Departments of ¹Anatomy and Cell Biology and ⁷Cellular and Integrative Physiology, Indiana University School of Medicine, Indianapolis 46202; ²Division of Natural Sciences and Mathematics, Indiana Wesleyan University, Marion 46953; ⁸Department of Biology, Indiana University-Purdue University Indianapolis, Indiana 46202; ³Faculty of Dentistry, Department of Periodontology, Chulalongkorn University, Pathumwan, Bangkok 10330, Thailand; ⁴University of Michigan Medical School, Ann Arbor, Michigan 48109; ⁵Department of Physiology and Biophysics, University of Medicine and Dentistry of New Jersey-Robert Wood Johnson Medical School, Piscataway, New Jersey 08854-5627; and ⁶Department of Pediatrics, Washington University School of Medicine, St. Louis, Missouri 63110

Submitted 14 November 2003 ; accepted in final form 9 March 2004

Parathyroid hormone (PTH) regulation of matrix metalloproteinase-13 (MMP-13) expression in osteoblasts contributes to normal bone turnover. The PTH response region of the rat MMP-13 gene spans nucleotides (nt) –148 to –38 and supports binding of numerous transcription factors, including Runx2, necessary for osteoblast differentiation, c-Fos/c-Jun, and Ets-1. These trans-acting proteins mediate hormone induction via incompletely defined combinatorial interactions. Within this region, adjacent to the distal Runx2 site, is a homopolymeric(dA:dT) element (–119/–110 nt) that conforms to the consensus site for the novel transcription factor nuclear matrix protein-4/cas interacting zinc finger protein (Nmp4/CIZ). This protein regulates bone cell expression of type I collagen and suppresses BMP2-enhanced osteoblast differentiation. The aim of this study was to determine whether Nmp4/CIZ contributes to MMP-13 basal transcription and PTH responsiveness in osteoblasts.

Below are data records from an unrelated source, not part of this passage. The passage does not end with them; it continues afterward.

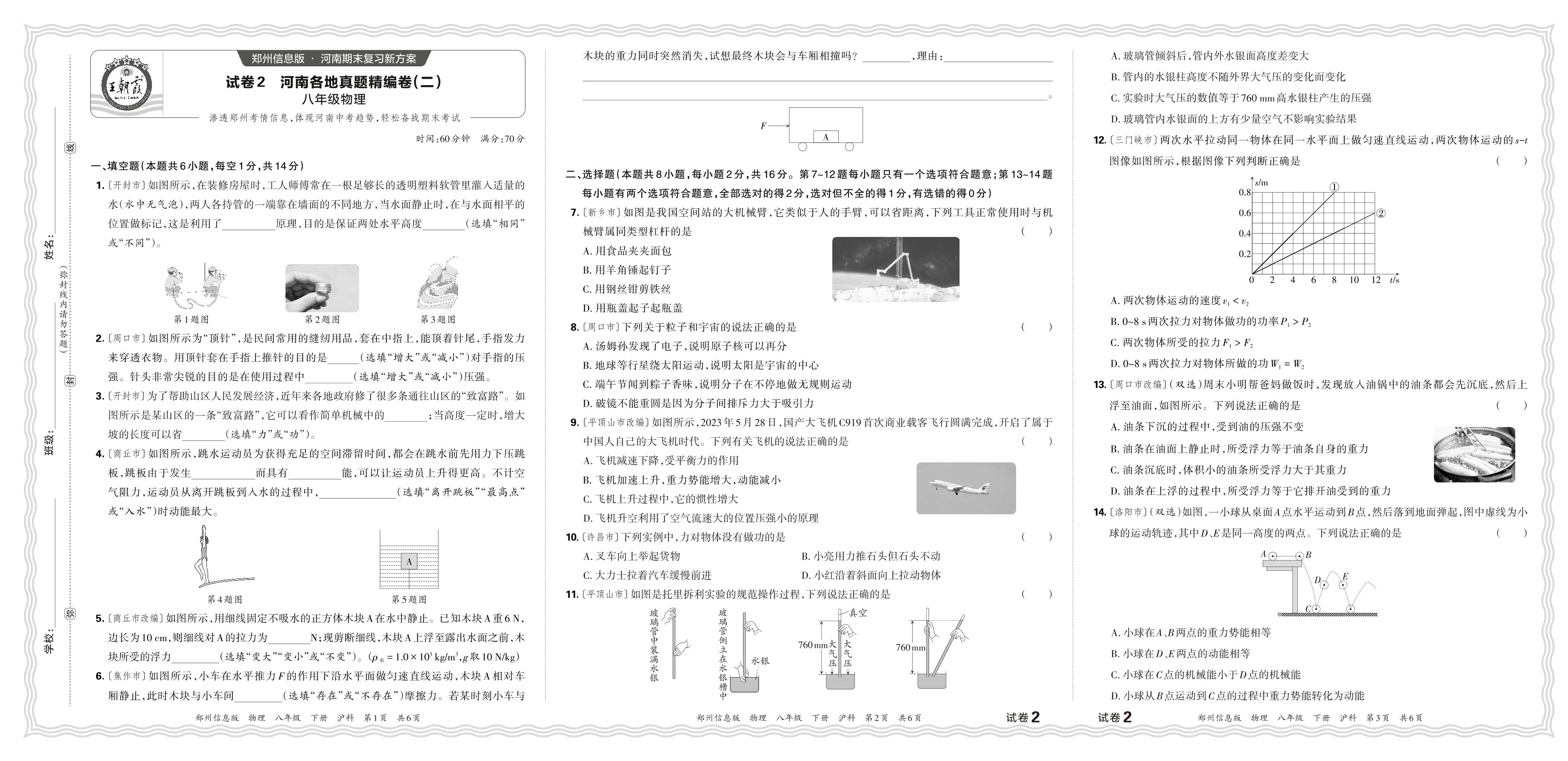2024年春河南各地真题精编(二)八年级下册期末物理(沪科版)【2】
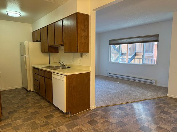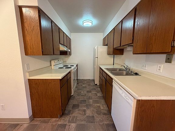 This 1-bedroom, 1-bath unit is located on the second floor of the Sunnyslope Condominiums. The kitchen features a practical galley-style layout with abundant cabinet storage, matching white appliances including an electric range, dishwasher, and refrigerator and ample counter space with a double-basin sink. Warm wood cabinetry pairs with neutral countertops and flooring for a clean, easy-to-maintain look. Overhead lighting brightens the space, creating a functional area for everyday cooking and meal prep.
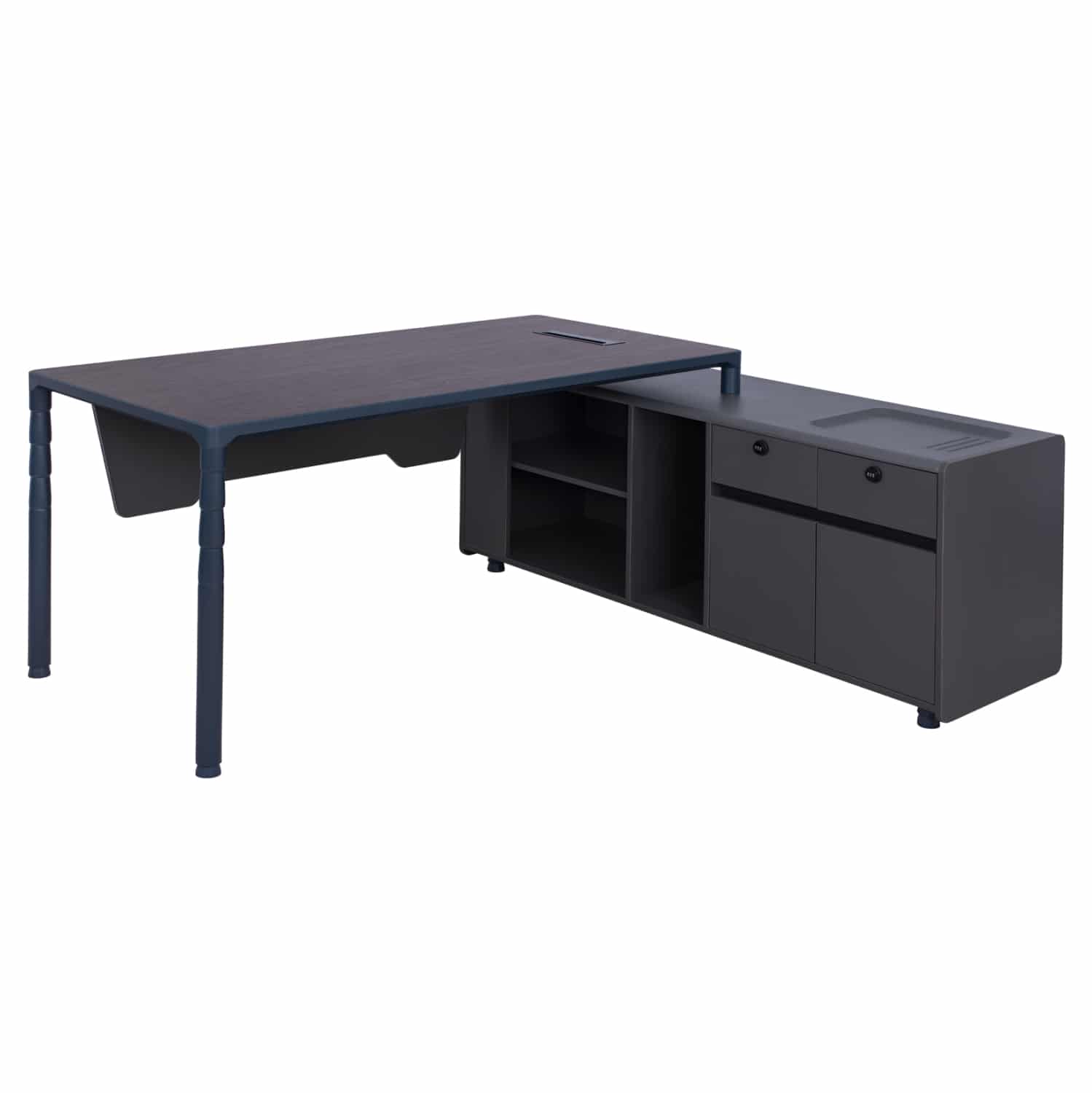 Επαγγελματικό γραφείο με δεξιά γωνία, κατασκευασμένο από μελαμίνη υψηλής ποιότητας, σε γκρι και βέγγε απόχρωση και πόδια αλουμινίου σε σκούρο μπλε χρώμα.

Electrophoretic mobility shift analysis confirms Nmp4/CIZ binding within the MMP-13 PTH response region. Mutation of the Nmp4/CIZ element decreases basal activity of an MMP-13 promoter-reporter construct containing the first 1329 nt of the 5'-regulatory region, and overexpression of Nmp4/CIZ protein enhances the activity of the wild-type promoter. The same mutation of the homopolymeric(dA:dT) element enhances the MMP-13 response to PTH and PGE₂. Overexpression of Nmp4/CIZ diminishes hormone induction. Mutation of both the homopolymeric(dA:dT) element and the adjacent Runx2 site further augments the PTH response. On the basis of these data and previous studies, we propose that Nmp4/CIZ is a component of a multiprotein assemblage or enhanceosome within the MMP-13 PTH response region and that, within this context, Nmp4/CIZ promotes both basal expression and hormonal synergy.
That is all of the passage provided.